Mr. Galecki said: “A lot of people thought it would be a show that poked fun at smart people, but it has become a show that defends smart people much more often than that. These guys, as socially inept as they might be, are the type of people that are molding our future as a society.”

Mr. Parsons memorizes his lines by writing them out longhand and says he is astonished when people ask if the actors on the show ever improvise. “To veer away from the scripted dialog is a one-way trip to sudden death,” he said.

Still, problems and questions arise, which is where David Saltzberg, a particle physicist at the University of California, Los Angeles, and the show’s scientific consultant, comes in. Besides supplying the equations that appear on whiteboards in Sheldon and Leonard’s living room, he sometimes advises on the plotting and characters’ scientific predilections.

Dr. Saltzberg, who blogs about his activities on the show, said that many of the people who grouse to him about the show have not seen very much of it. His comments were echoed by Mr. Prady, one of the producers, who rejected the notion that the show stereotypes women. “Far from being a dumb blonde, Penny has demonstrated time and again that she possesses above average intelligence and practical knowledge that often far exceeds that of the guys,” he wrote in an e-mail message.

Indeed a perusal of the first two seasons turns up a wider variety of women in science than you might have thought, including Leslie Winkle, another Caltech physicist who seduces Leonard into a one-night stand and corrects an error on Sheldon’s whiteboard in the process.

The point of the show, Mr. Prady said, is to tell small stories. “We are not doing ‘Lost,’ we’re not doing a complex novel for TV,” he said. “We follow the characters, and let them tell us what they’re going to do next.
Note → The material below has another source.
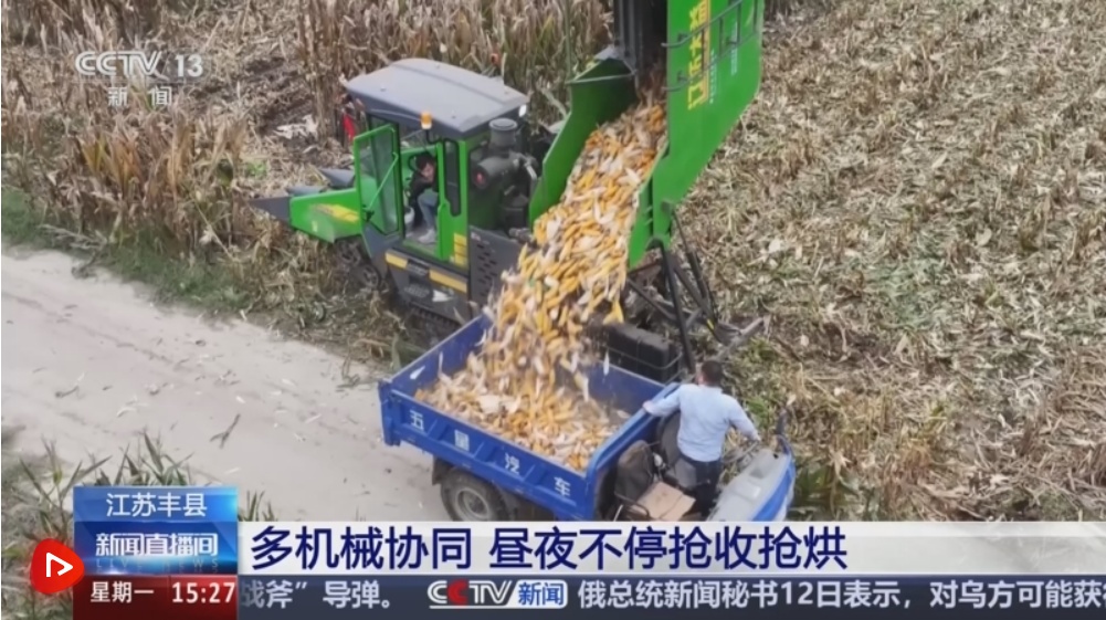 江苏北部地区自9月下旬以来阴雨天气不断,为应对天气带来的秋收困难,当地加大机械收割、烘干力度,保障玉米、大豆收获。

We’re telling stories about outsiders. We all feel like outsiders. Can you find love? Penny pulls Leonard to the outside world; Sheldon pulls him back.”

Mr. Lorre said that the whole “challenge and joy” of a series like this is character development. “Maybe at the end of the day this will inspire some kids to go into physics,” he added, “just like ‘Cheers’ inspired countless young people to go into bars.”